> _Work order_: Without including any pictures, retype exactly the lines from the top of the records through the line containing "新機能の「プロントマネー」は", that final line included.

> _Data for analysis_:

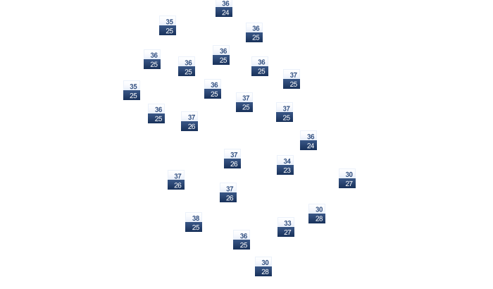 | 20 | 22 | 23 | 25 | 27 | 30 | 31 | 31 | 29 | 24 | 22 | 20 |
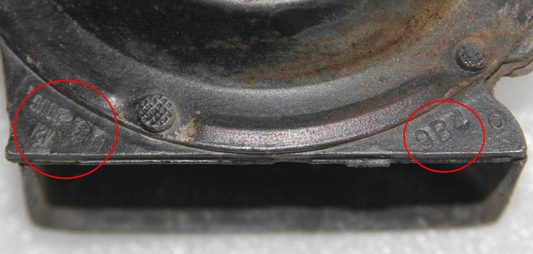 Horns may look similar, but are mostly unique to a vehicle application due to: the bracket (length and angle), the orientation of the bracket to the projector, and the orientation of the electrical connector to the projector. The bracket is staked to the horn so it is difficult to change the bracket or its orientation. Horns were mounted with the opening facing downward so water would drain out. The part number is on the bottom side of the horn flange - 9000 is molded into the horn and the last 3 digits of the part number are stamped next to it. The date is stamped on the opposing side of the horn flange. The date format is [year][month][week], where month is the letters A-M, e.g. 9B4 is 4th week of February, 1969.
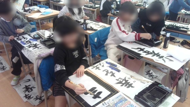 書写の学習で、書初めに取り組んでいました。お題は「春を待つ」です。教室の机は書初め用半紙で書を書くには少し狭いですが、子どもたちはそれぞれ工夫して書いていました。「うまく書けた!」と満足そうにしている子が多くいました。
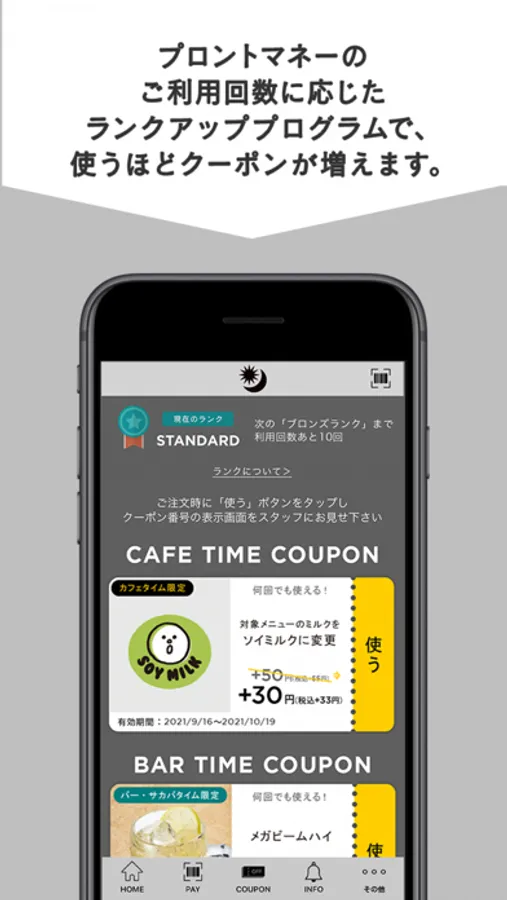新機能の「プロントマネー」は、チャージ金額に応じたボーナスマネープレゼントや、使うほどクーポンが増えるランクアッププログラムなど、プロントをよりスマートでお得にご利用いただける決済サービスです。
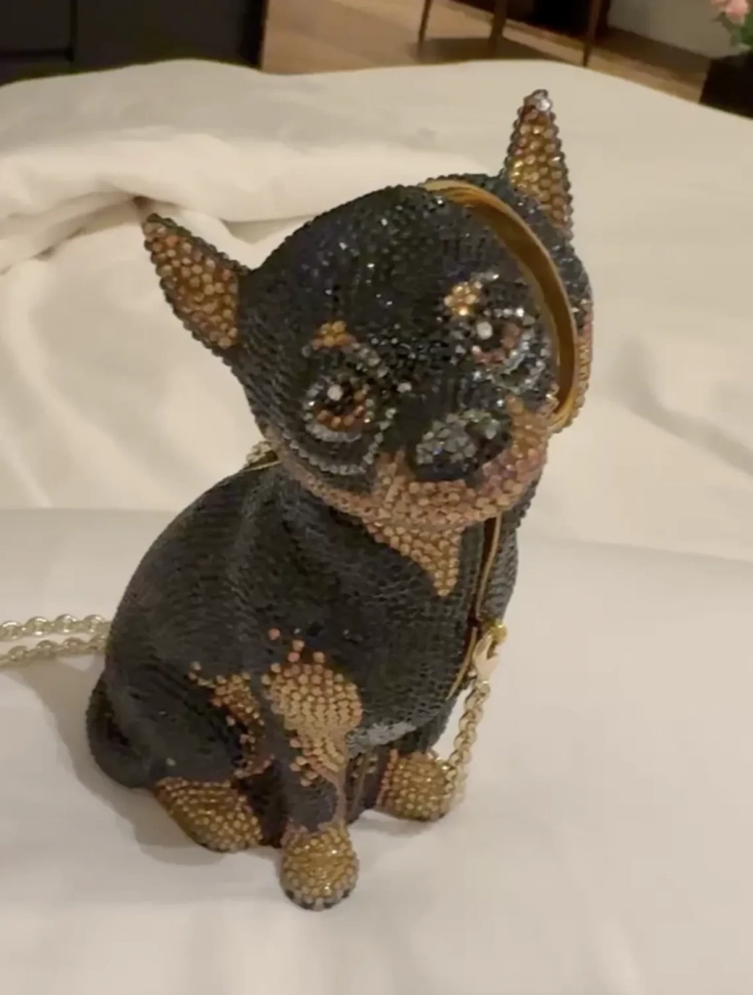 Светская львица и жена бизнесмена Олега Шелягова Виктория позировала на дорожке в чёрном кожаном платье You Wanna, а 50-летняя Яна Рудковская надела корсетное платье с кружевом. Сначала продюсер дополнила образ сумкой-пирожным Chanel, а после получила в подарок сумку в виде собаки "от Кендалл Дженнер", как она её назвала, и вышла на дорожку уже с новым аксессуаром.
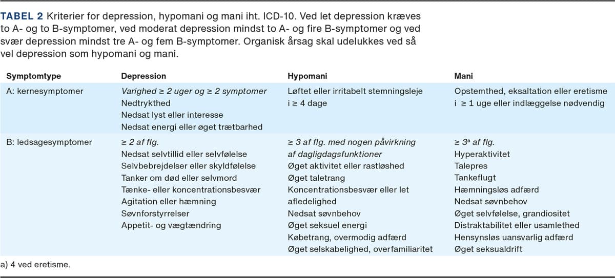 I Tabel 2 ses kriterier for depression, hypomani og mani. Ved tvivlsspørgsmål og afgrænsning over for normale affektive udsving kan der benyttes patientrapporterede spørgeskemaer som f.eks. en hypomanitjekliste [8], som kan hjælpe patienten med at genkalde adfærd og symptomer ved hypomani. Det er afgørende at opfordre patienten til at invitere pårørende til at deltage i undersøgelsen. Til det kliniske billede hører ofte komorbid angstlidelse, obsessiv-kompulsiv lidelse samt alkohol- og stofmisbrug. Hvis egen læge får mistanke om BD, bør patienten henvises til en speciallæge i psykiatri eller til sygehusbaseret psykiatri mhp. udredning og behandling (Tabel 3).
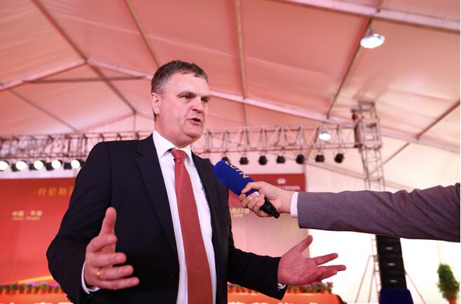 丹麦驻中国大使馆商务公使衔参赞林朗先生(Mr. Jakob Linulf)提到:“丹麦皇冠集团确实是丹麦的一枚皇冠。作为一个历史悠久,闻名丹麦的企业,丹麦皇冠代表了丹麦的理念、文化以及现代商业价值。我们很高兴看到丹麦最著名的企业在这座美丽的城市扎根。我坚信这一伟大的成就将给双方带来巨大的机遇。”(上图为林朗先生致辞)
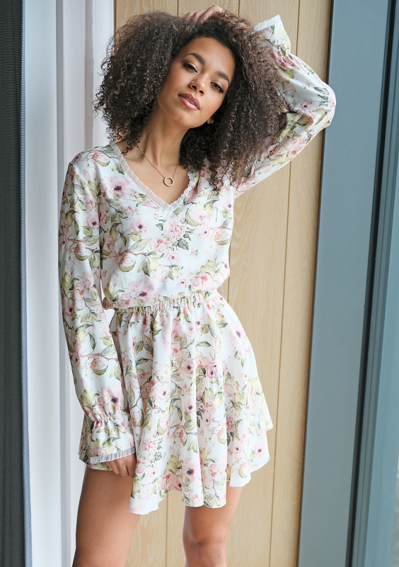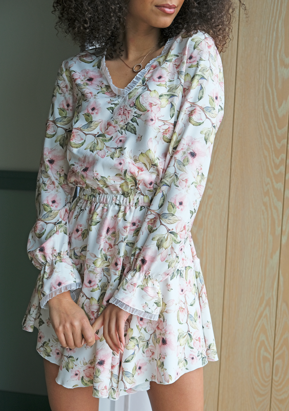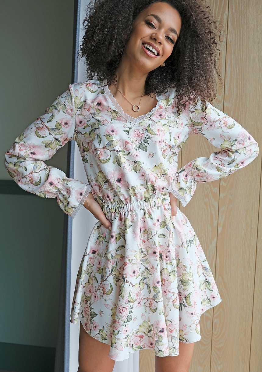 Krótka sukienka spring flower Ecrue
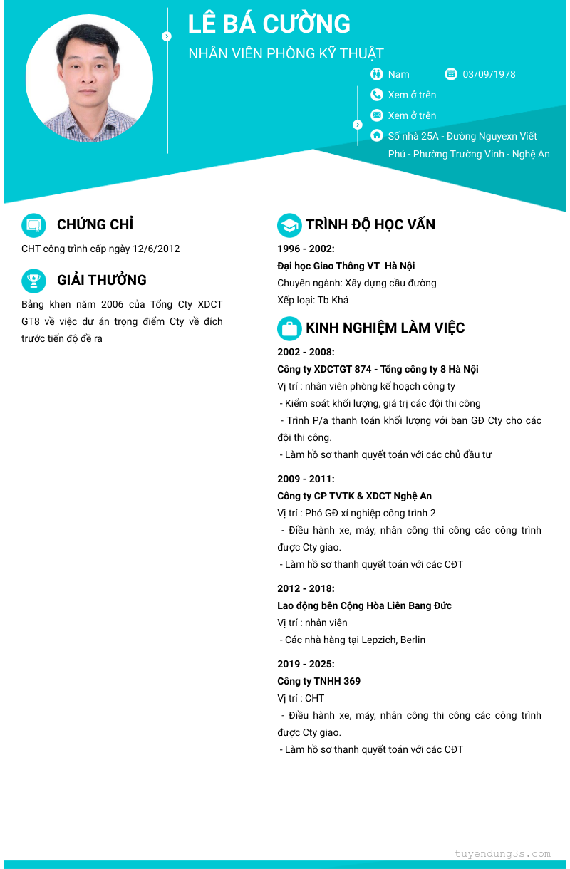 Mở xem thông tin đầy đủ ứng viên Lê Bá Cường chỉ với 2 điểm. Ứng viên được cập nhật ngày 30/11/2025
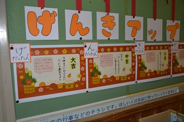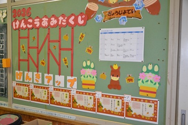 職員室前の廊下に、「けんこうあみだくじ」が掲示してあります。
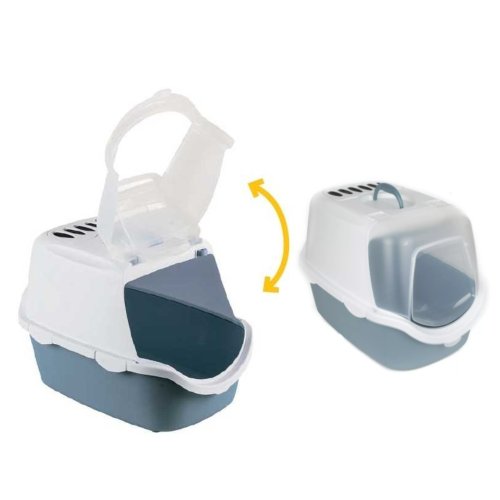 Uzavřené, prostorné wc pro kočky s dvířky z kvalitního odolného plastu.
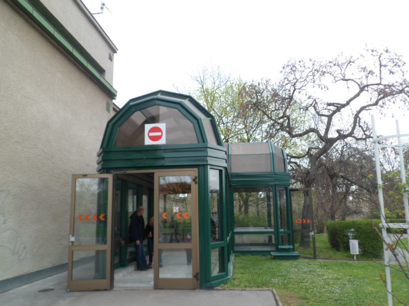 Z vestibulu vede k nástupišti schodiště (-12 schodů). Sklon nástupiště je řešen stoupajícím schodištěm s širokými stupnicemi, ze kterého se vstupuje do vozu.

> _Solution for this task_:
 | 20 | 22 | 23 | 25 | 27 | 30 | 31 | 31 | 29 | 24 | 22 | 20 |
 Horns may look similar, but are mostly unique to a vehicle application due to: the bracket (length and angle), the orientation of the bracket to the projector, and the orientation of the electrical connector to the projector. The bracket is staked to the horn so it is difficult to change the bracket or its orientation. Horns were mounted with the opening facing downward so water would drain out. The part number is on the bottom side of the horn flange - 9000 is molded into the horn and the last 3 digits of the part number are stamped next to it. The date is stamped on the opposing side of the horn flange. The date format is [year][month][week], where month is the letters A-M, e.g. 9B4 is 4th week of February, 1969.
 書写の学習で、書初めに取り組んでいました。お題は「春を待つ」です。教室の机は書初め用半紙で書を書くには少し狭いですが、子どもたちはそれぞれ工夫して書いていました。「うまく書けた!」と満足そうにしている子が多くいました。
新機能の「プロントマネー」は、チャージ金額に応じたボーナスマネープレゼントや、使うほどクーポンが増えるランクアッププログラムなど、プロントをよりスマートでお得にご利用いただける決済サービスです。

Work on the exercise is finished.